• YOUR TASK
From the listing below, output the lines between the one with "The assembly guide" and the one with "如图中展示,每个活动的轨道展", including those two, and nothing else. Pictures are not copied.

• SOURCE MATERIAL

=== Begin Enclosure ===

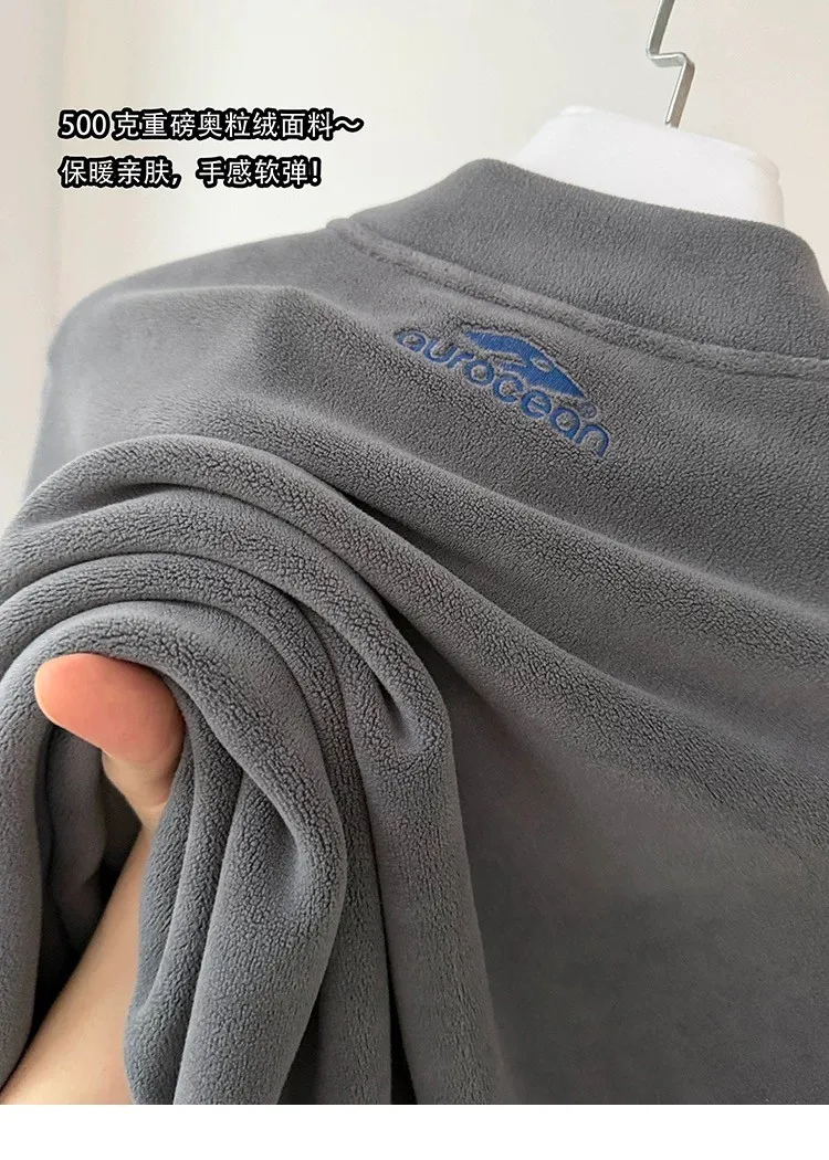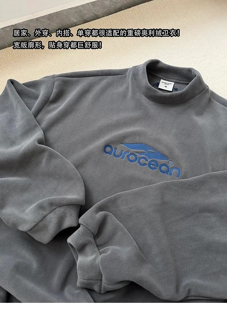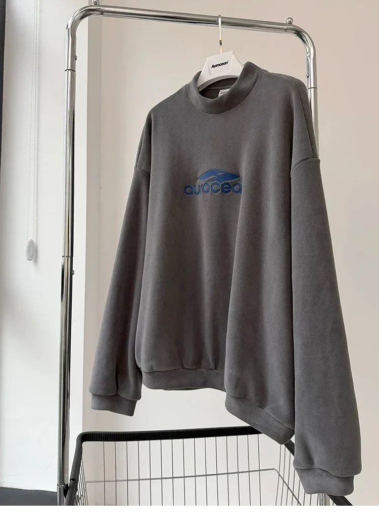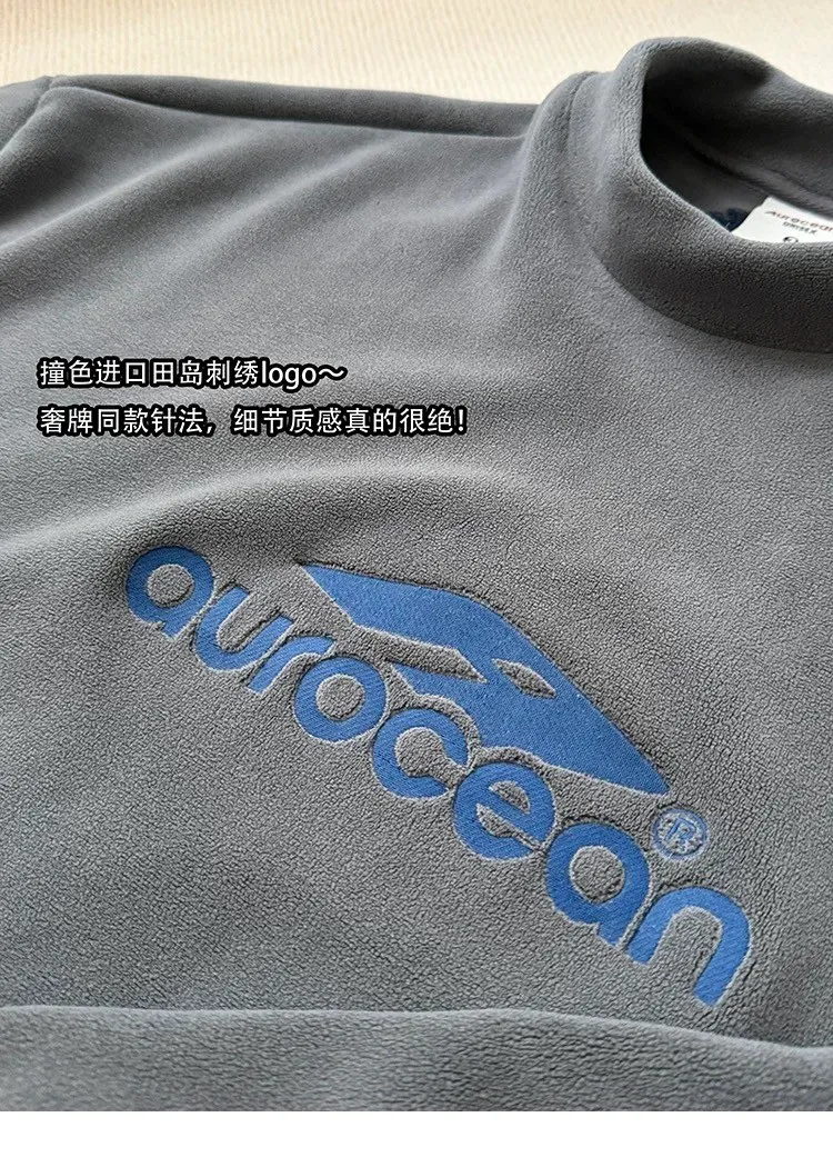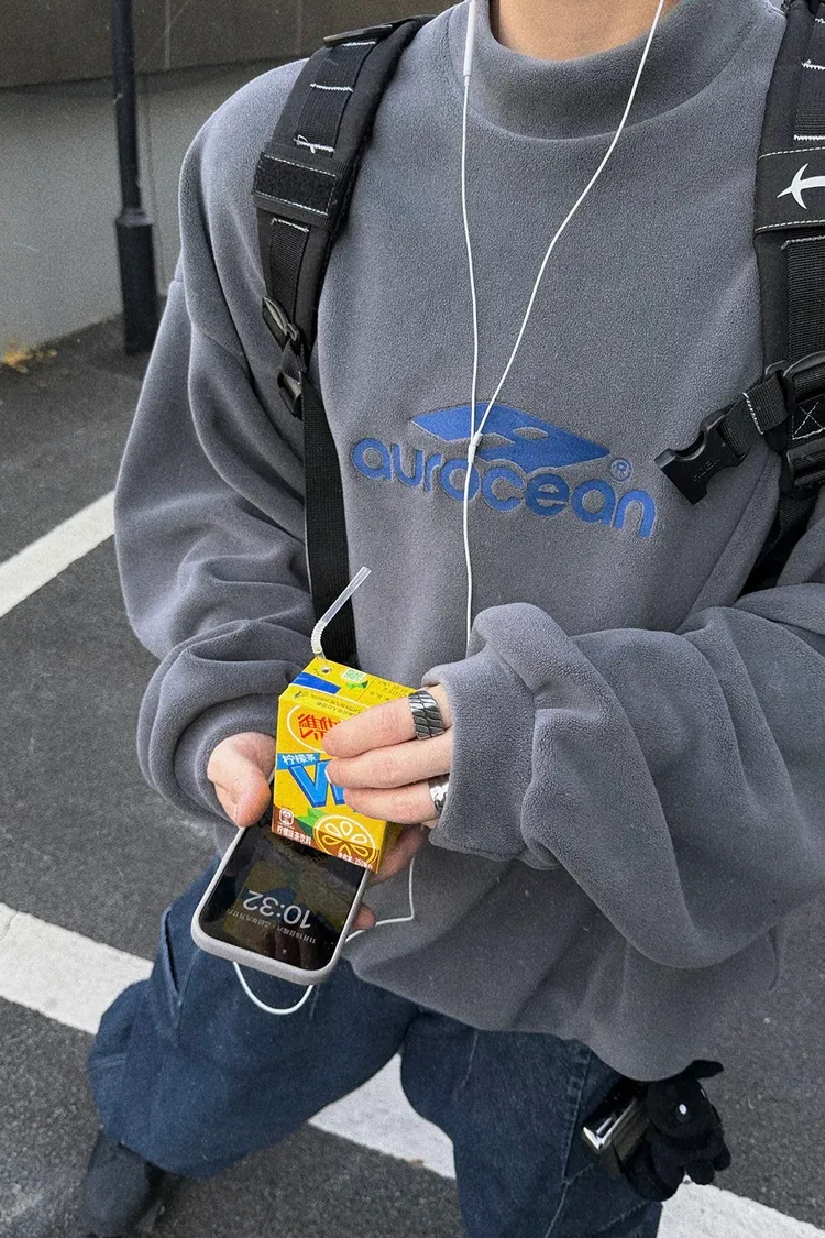 AUROCEAN 搖粒絨 小高領 刺繡LOGO 長袖(灰)
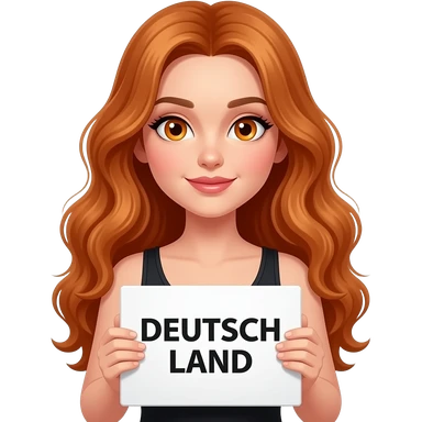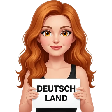 sexy girl with long wavy ginger hair and ginger eyes wearing a black tanktop is holding a white colored sign with DEUTSCH LAND written on it emoji
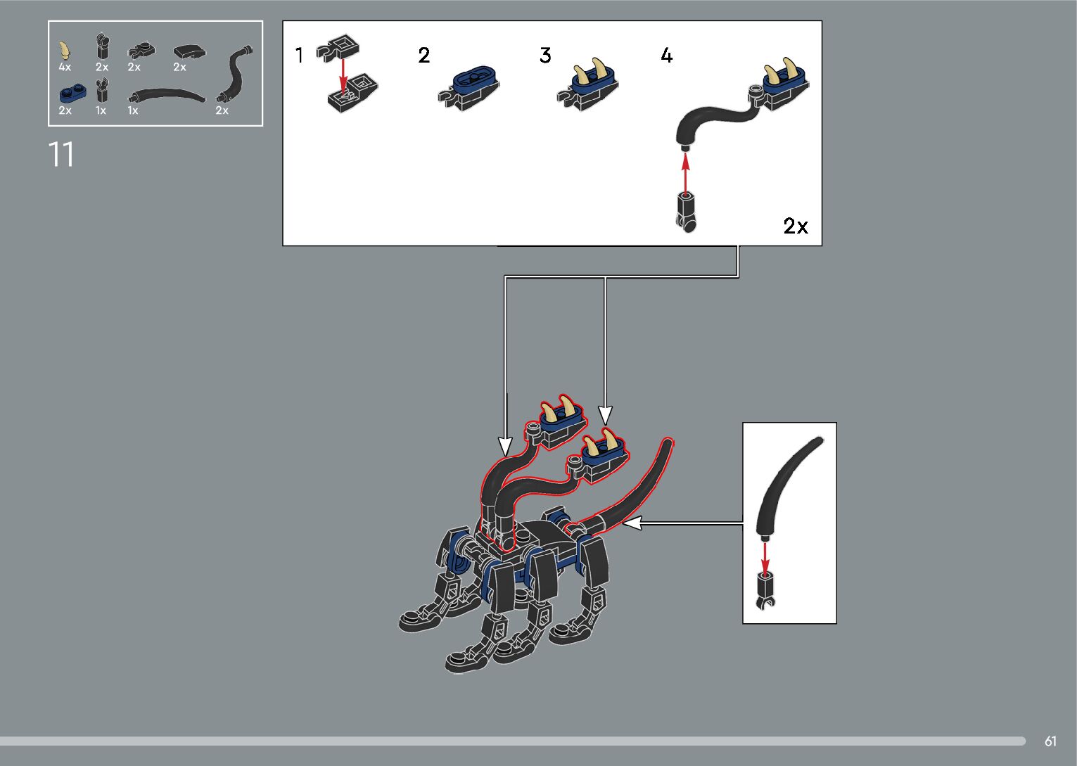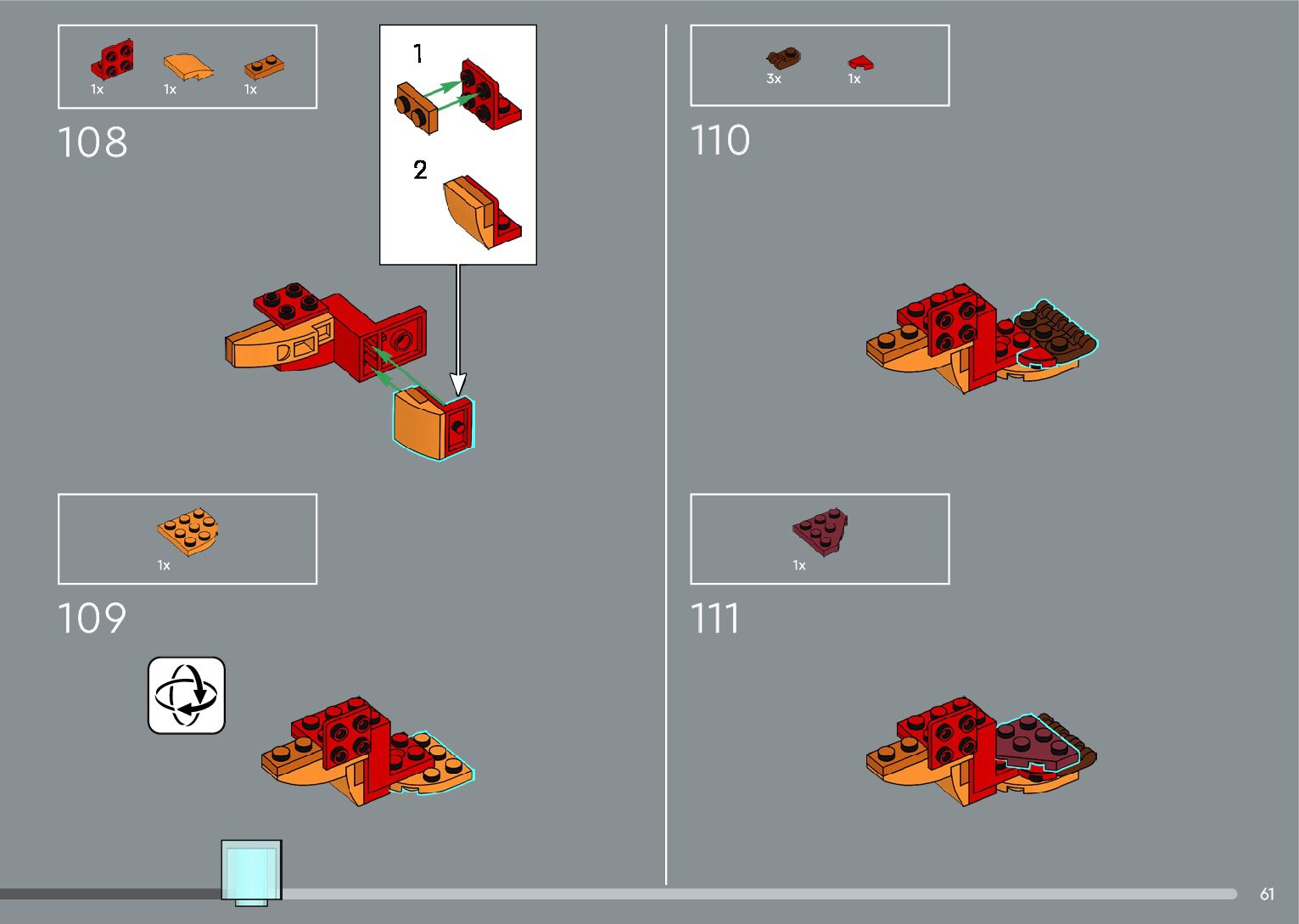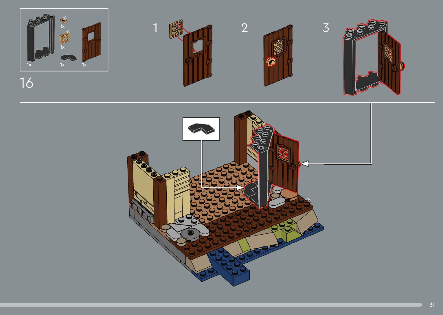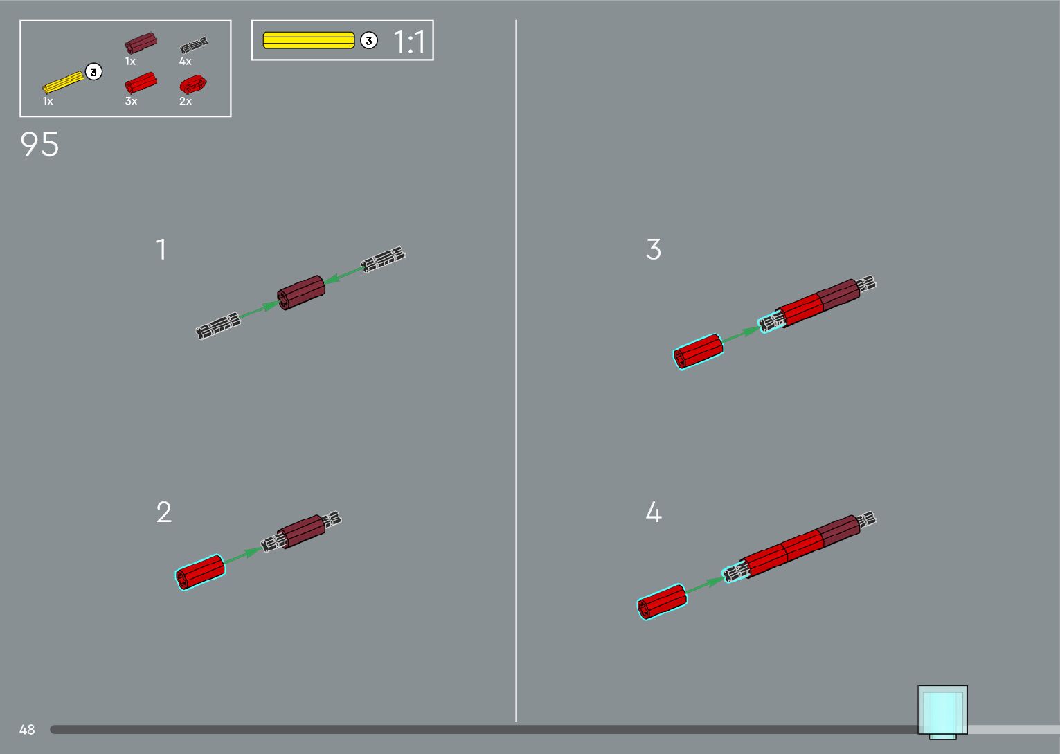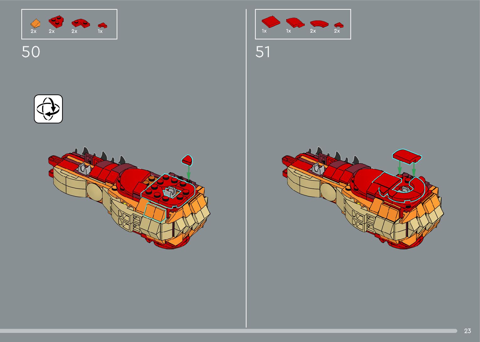 The assembly guide is prepared in a very understandable way for children and adult LEGO enthusiasts. A total of 556 picture galleries are shown, explaining the step-by-step construction stages for 4 different structures.
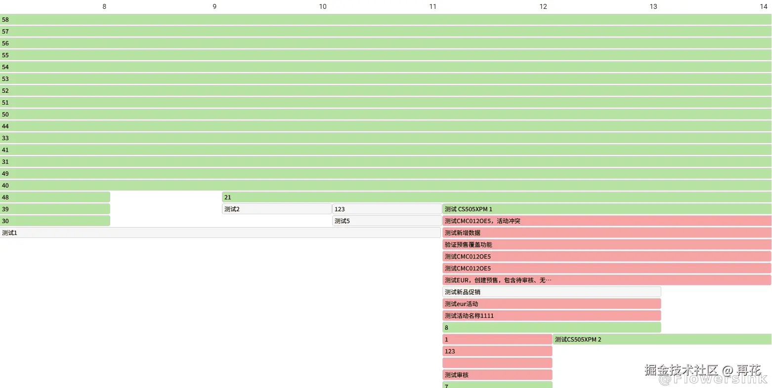 如图中展示,每个活动的轨道展示正常,空白符渲染合理,并且会根据状态渲染对应的颜色。
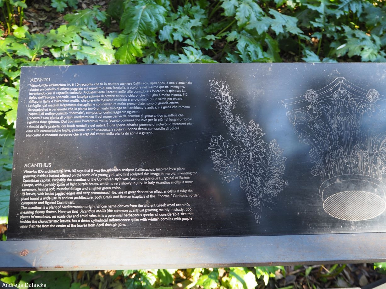 Palatin: Infotafel zur Pflanze Akanthus mit Bezug zur Architektur.
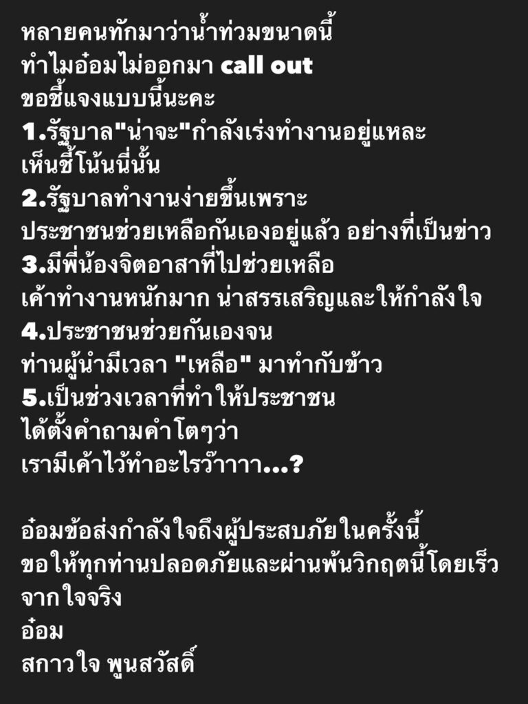 เรียกได้ว่าตอนนี้สถานการณ์น้ำท่วมทางภาคใต้วิกฤตอย่างมาก ประชาชนหลายครัวเรือนได้รับผลกระทบเสียหายหลางอย่าง ซึ่งทางด้านหลายภาคส่วนก็ได้ส่งความช่วยเหลือไปให้อย่างเร่งด่วน และได้ตั้งคำถามถึงการแก้ปัญหาของรัฐบาล ทางด้าน “อ๋อม สกาวใจ” ก็ได้ออกมาโพสต์ถึงเรื่องนี้เช่นกันโดยระบข้อความว่า “หลายคนทักมาว่าน้ำท่วมขนาดนี้ทำไมอ๋อมไม่ออกมา call out ขอชี้แจงแบบนี้นะคะ
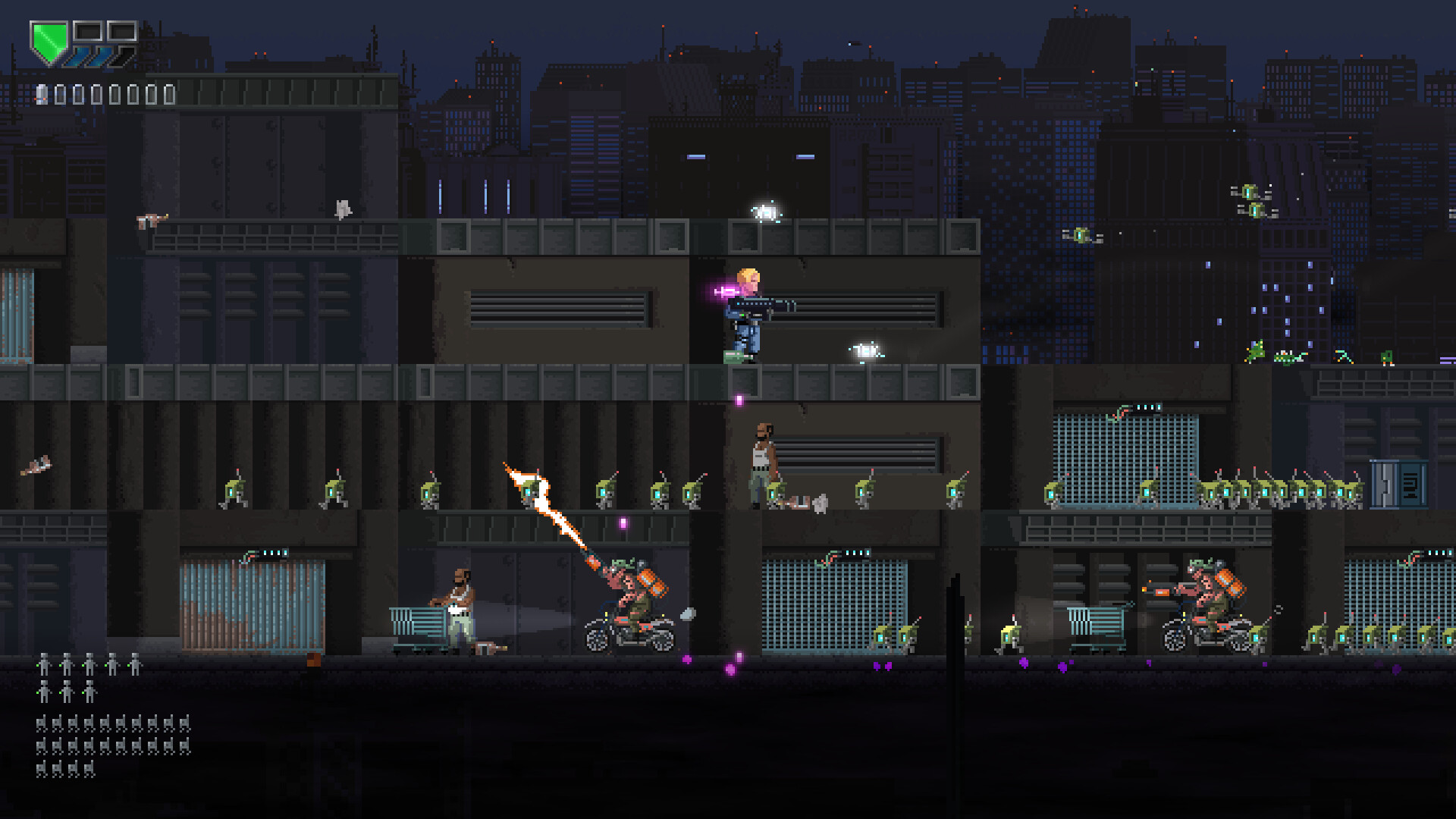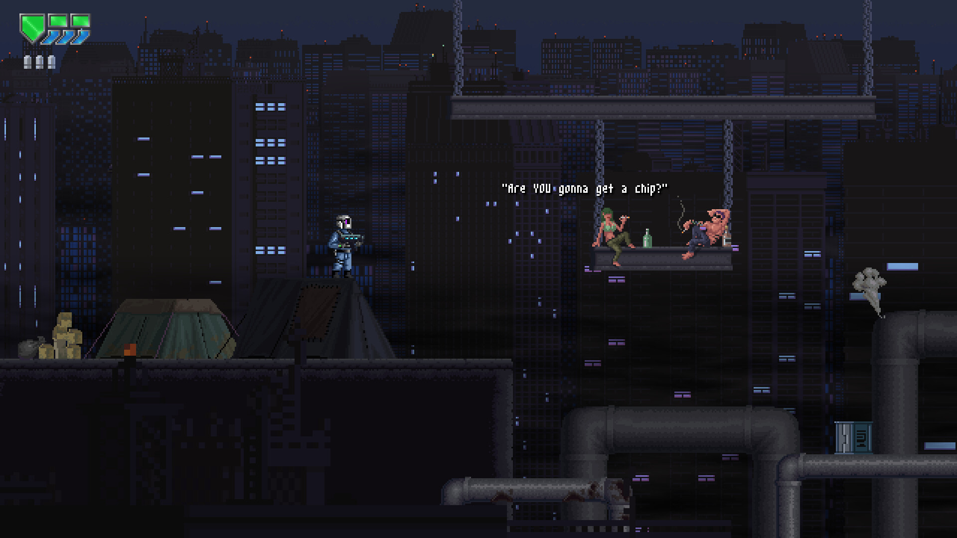 Forehead Chip is a cyberpunk pixel-art platformer set in the middle of Arca City, a fracturing utopia. You’ve joined the Implant Corps to restore order by capturing vile Holdouts. Capture the most and you win!

=== End Enclosure ===

• SOLUTION TO THIS PROBLEM
 The assembly guide is prepared in a very understandable way for children and adult LEGO enthusiasts. A total of 556 picture galleries are shown, explaining the step-by-step construction stages for 4 different structures.
 如图中展示,每个活动的轨道展示正常,空白符渲染合理,并且会根据状态渲染对应的颜色。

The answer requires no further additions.